La textura, los materiales utilizados, el esplendor del blanco, la monumentalidad de la obra, en la que la mujer apabullada por la carga, confieren una nueva belleza al entorno, un despliegue estético en la admiración del ambiente marino, de la reinvención urbana de la ciudad, sobre lo que antes era agua, ofrecen un acto de homenaje a la mujer, pero también una reflexión, sobre muchas de las aristas, que desde el punto de vista social, las asedian o martirizan.

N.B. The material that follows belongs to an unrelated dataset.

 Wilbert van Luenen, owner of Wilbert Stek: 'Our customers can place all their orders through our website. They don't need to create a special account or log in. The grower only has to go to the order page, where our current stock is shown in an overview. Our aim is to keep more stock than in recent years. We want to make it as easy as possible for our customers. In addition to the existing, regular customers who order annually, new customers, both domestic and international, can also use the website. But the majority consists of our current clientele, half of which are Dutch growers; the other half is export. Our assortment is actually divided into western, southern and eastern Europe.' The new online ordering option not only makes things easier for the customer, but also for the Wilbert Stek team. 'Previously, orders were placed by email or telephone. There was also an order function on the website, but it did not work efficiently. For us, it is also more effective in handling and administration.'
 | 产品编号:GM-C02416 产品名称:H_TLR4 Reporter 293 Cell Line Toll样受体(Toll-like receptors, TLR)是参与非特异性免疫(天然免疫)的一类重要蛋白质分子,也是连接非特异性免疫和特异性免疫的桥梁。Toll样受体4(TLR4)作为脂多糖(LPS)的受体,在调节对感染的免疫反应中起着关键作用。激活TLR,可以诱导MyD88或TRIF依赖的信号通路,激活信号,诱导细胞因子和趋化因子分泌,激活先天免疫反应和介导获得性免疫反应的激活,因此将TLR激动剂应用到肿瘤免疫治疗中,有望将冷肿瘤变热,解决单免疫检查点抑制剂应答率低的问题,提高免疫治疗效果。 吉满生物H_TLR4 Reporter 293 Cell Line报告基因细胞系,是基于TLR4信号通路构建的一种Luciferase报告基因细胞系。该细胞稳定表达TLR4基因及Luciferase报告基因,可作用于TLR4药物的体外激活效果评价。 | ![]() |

En la senda derecha, cuando voy hacia Peñas Altas, otra mujer, ahora desnuda, la de las aspas en los senos, estilizada, con líneas que ofrecen la magnitud del cuerpo, la belleza de la mujer, mientras en la obertura del corazón, nace la capacidad de liberar, mover energía, el sentido de lo libre, lo inquieto, lo irredento.

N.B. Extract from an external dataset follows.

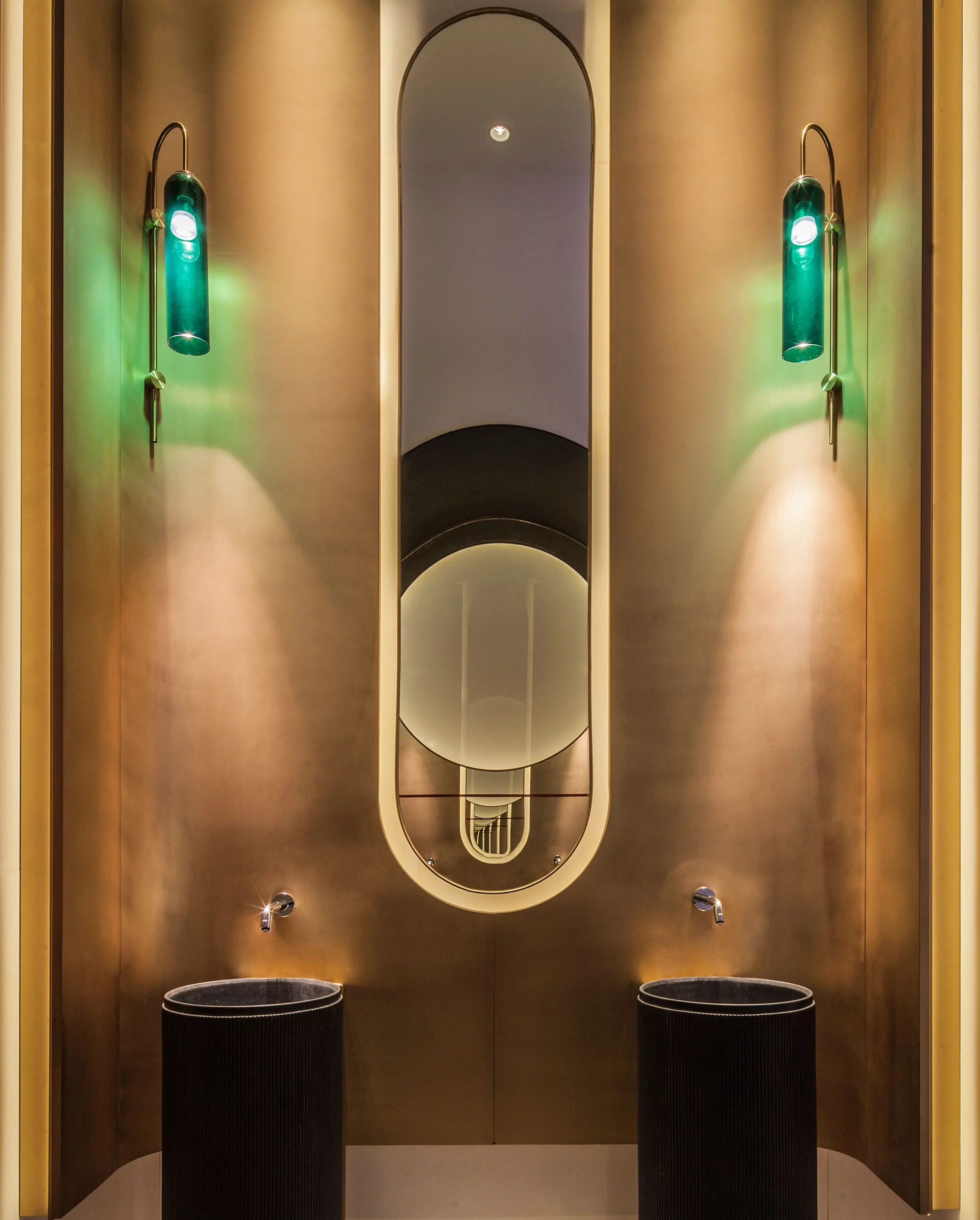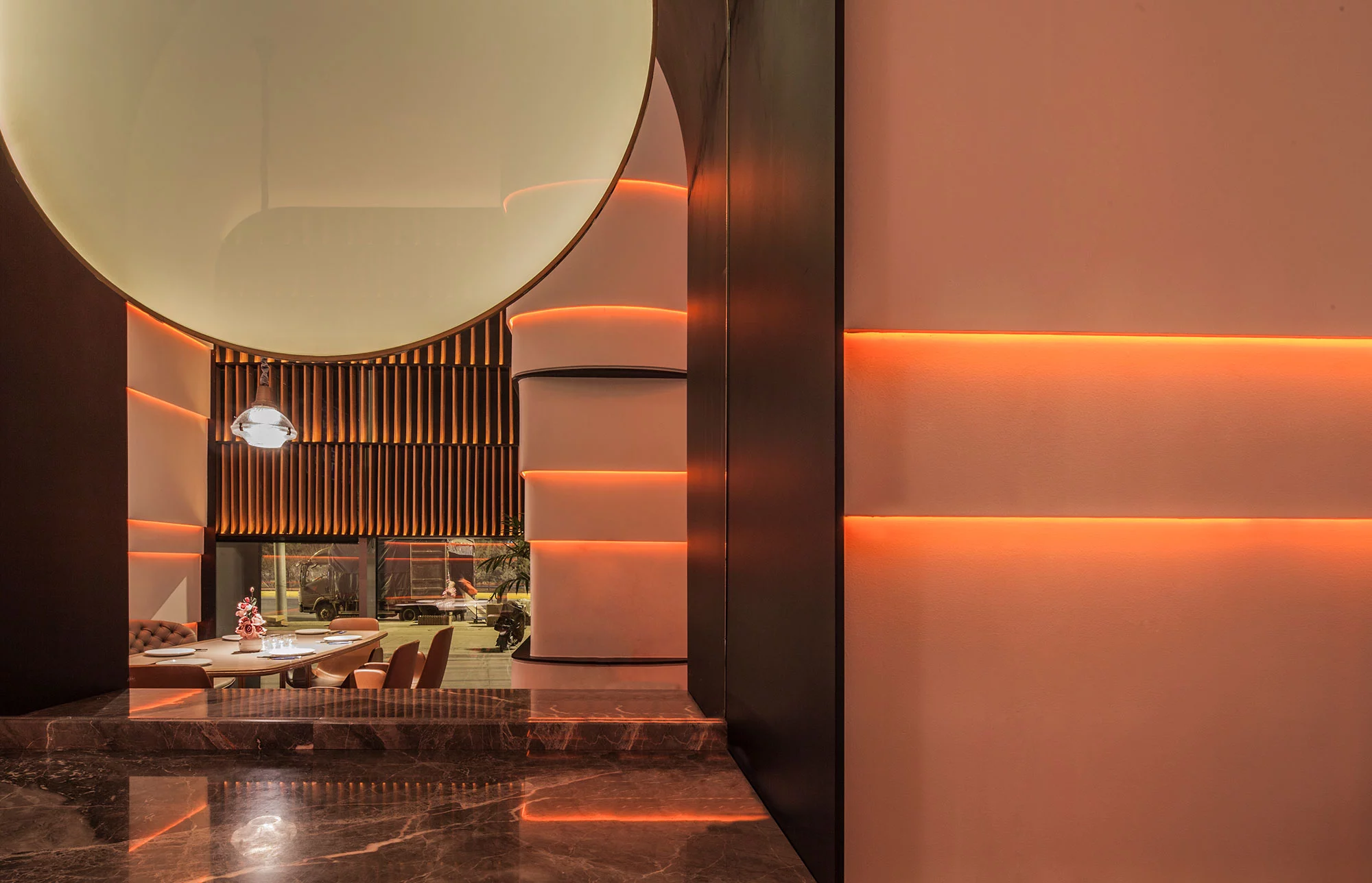 空间借材质与光影产生轴线,让空间韵律改变,光线在反射的墙壁之间穿梭。石材地面与墙体相互协调,空间的建筑感和可被感知的基础得到进一步加强。材质与弧线的一致,让人们的思想与场景进而达成一致与融合。

Ambas piezas, desde sus posiciones en el viaducto, consiguen dos miradas diferentes sobre la mujer, incluso sobre esencias contradictorias de la misma, según la significación del contexto y las visión – recepción del espectador.


La ciudad con estas piezas, se transforma, adquiere otra connotación. Es una lástima que muchas de estas piezas no se mantengan en el futuro, en el lugar donde fueron ubicadas, la de La silla, por el material utilizado madera, es efímera, pero las otras, especialmente las de las dos mujeres, es un regalo a la mirada de cada transeúnte, a la significación de Ríos Intermitentes, más allá de la fecha en que se realiza, y que la ciudad agradece, recibe, como un acto concreto de valorizar el sentido artístico de la Atenas de Cuba, de espacio en el que el arte, en este caso el visual, quizás, el que más llega a todos, como en este caso, irradia al que la visita; pero especialmente al que la vive, que se adentra, en ellas. (Por: Ulises Rodríguez Febles. Fotos: Ramsés Ruiz)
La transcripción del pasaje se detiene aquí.